*** Opening TASK MATERIAL ***

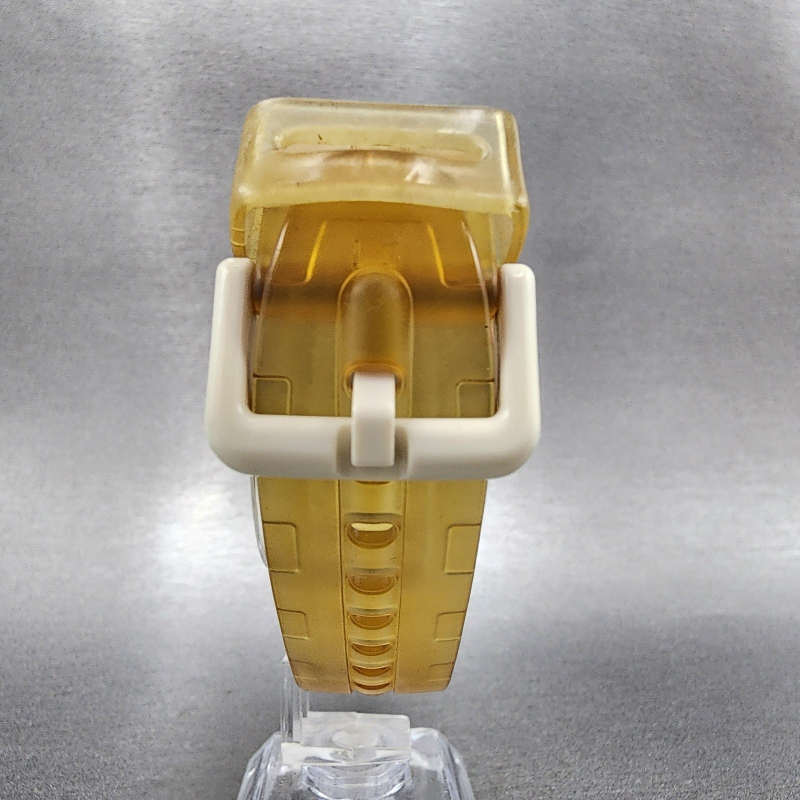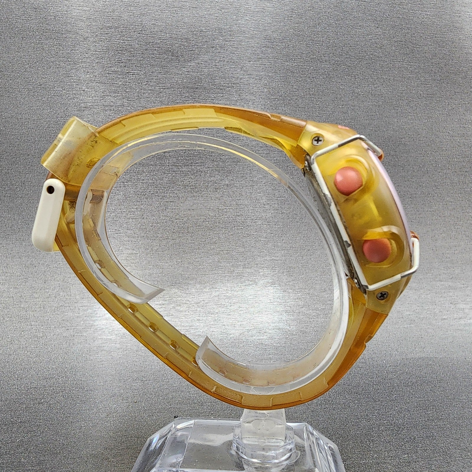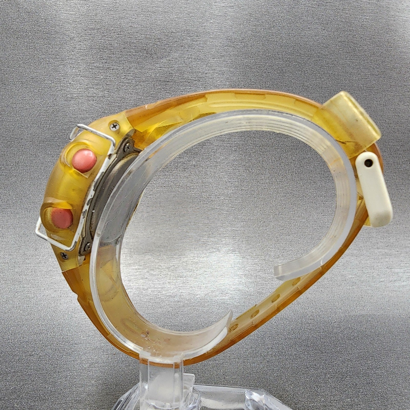 This watch has been used but is in good working condition. There is scratches on the watch. please refer to pictures. The part that holds down the excess band when worn has a crack.
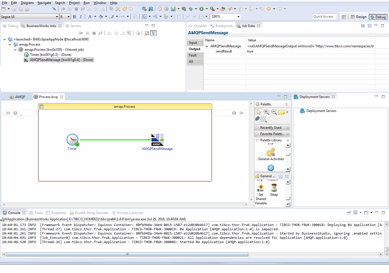 TIBCO Business Studio for BusinessWorks changes to the Debug perspective. The debug information is displayed in the Console view.
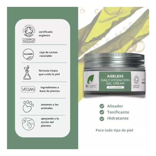 Dr. Organic Ageless Gel Creme Dia Algas Marinhas 50ml é um inovador gel creme projetado para o cuidado diário da pele. Esta fórmula leve e cremosa atua como um alisador e tonificante, proporcionando uma hidratação ideal e uma sensação de frescor ao longo do dia.
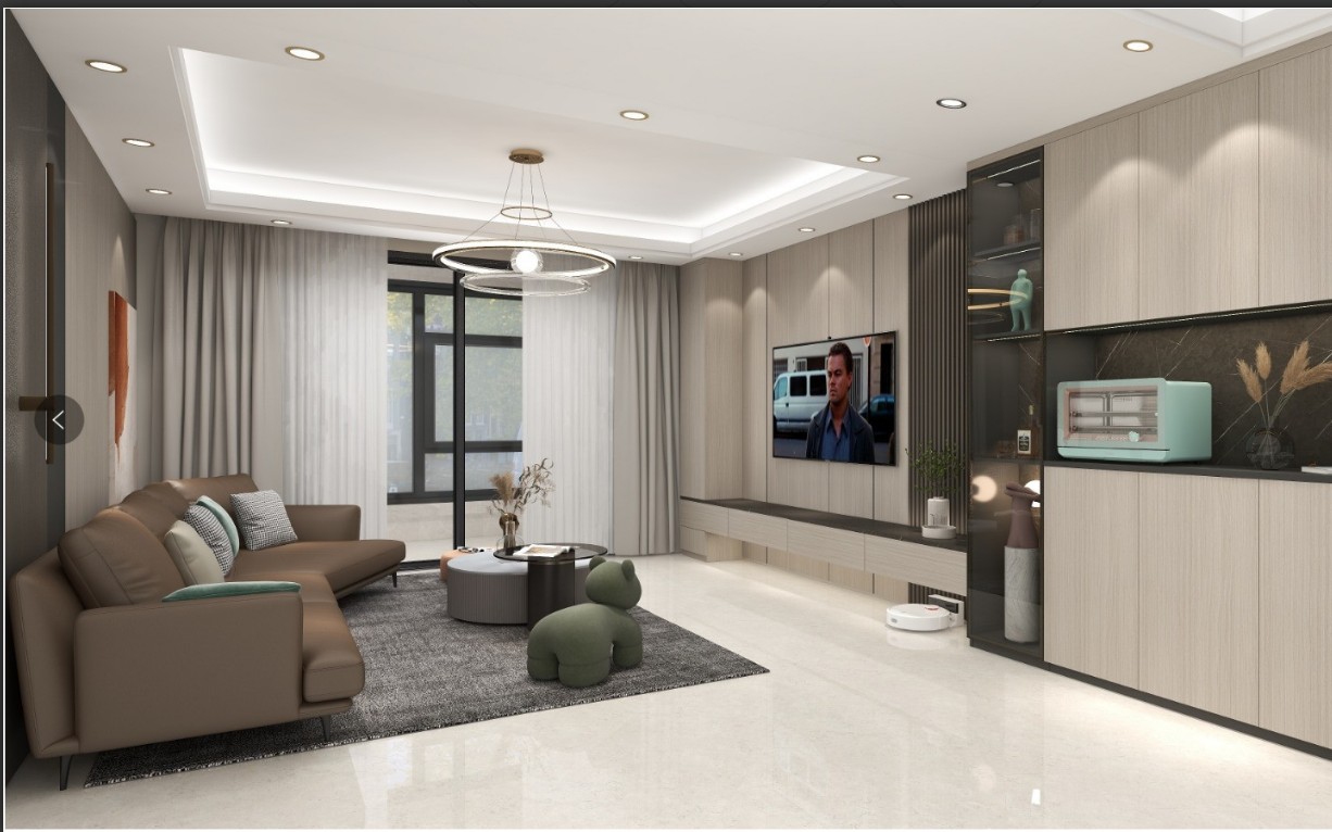 电视墙:高柜+一字抽屉柜设计层次分明,一字抽屉柜下部镂空方便机器扫地人打理 左侧实门高柜可收纳孩子的玩具,医药箱 不显乱。
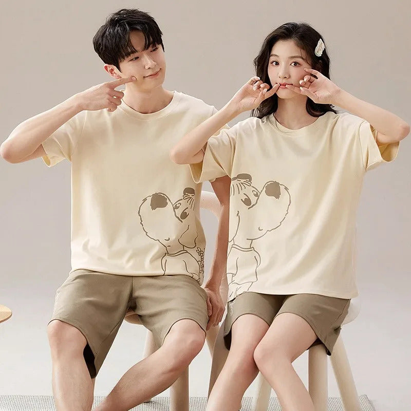 Specifications:Material: Cotton and Polyester BlendPattern Type: CartoonSleeve Length: ShortSeason: SummerCollar: Round NeckOrigin: Guangdong, ChinaFeatures:|Pajamas For Shorts Guy|Matching Couple Pajamas Amazon|**Comfort Meets Style**Embrace the cozy nights with our Couples Home Suit, a perfect blend of comfort and style. Crafted from a soft cotton and polyester blend, these pajamas offer a gentle touch against your skin, ensuring a comfortable night's sleep. The playful cartoon pattern adds a touch of whimsy to your bedtime attire, making it a delightful addition to your sleepwear collection. The short sleeves and round neck design provide a relaxed fit, ideal for those warm summer nights.**Designed for Couples**Our matching couple pajamas are not just about comfort; they're a symbol of togetherness. Whether you're looking for a thoughtful gift for your significant other or simply want to add a touch of romance to your nightly routine, these pajamas are the perfect choice. The set includes both a sleep top and shorts, ensuring that both partners can enjoy the comfort and style of matching pajamas. The Chinese sizing may run slightly smaller, so be sure to consult the size chart for the perfect fit.**Versatile and Practical**These pajamas are not just for sleeping; they're versatile enough to be worn as loungewear or even as a cozy outfit for a casual movie night at home. The cotton material ensures breathability, making it suitable for various activities. The shorts sets women and best pajamas shorts men options cater to both genders, ensuring that everyone can enjoy the comfort and style of these pajamas. Whether you're looking for a set for yourself or as a gift, these pajamas are sure to be a hit.
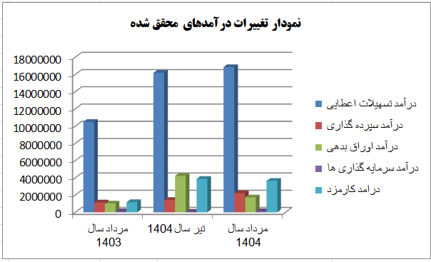 درآمد این بانک در مرداد ۱۴۰۴ نسبت به ماه گذشته آن که معادل با ۲۵ هزار و ۷۷۷ میلیارد و ۵۸۰ میلیون ریال بود با افت ۵ درصدی همراه شد.

*** Closing TASK MATERIAL ***

WHAT YOU ARE ASKED TO DO = Word for word, write out the lines from the top of the records above down to the line holding "Dr. Organic Ageless", inclusive, but not the pictures.

PROBLEM SOLUTION =
 This watch has been used but is in good working condition. There is scratches on the watch. please refer to pictures. The part that holds down the excess band when worn has a crack.
 TIBCO Business Studio for BusinessWorks changes to the Debug perspective. The debug information is displayed in the Console view.
 Dr. Organic Ageless Gel Creme Dia Algas Marinhas 50ml é um inovador gel creme projetado para o cuidado diário da pele. Esta fórmula leve e cremosa atua como um alisador e tonificante, proporcionando uma hidratação ideal e uma sensação de frescor ao longo do dia.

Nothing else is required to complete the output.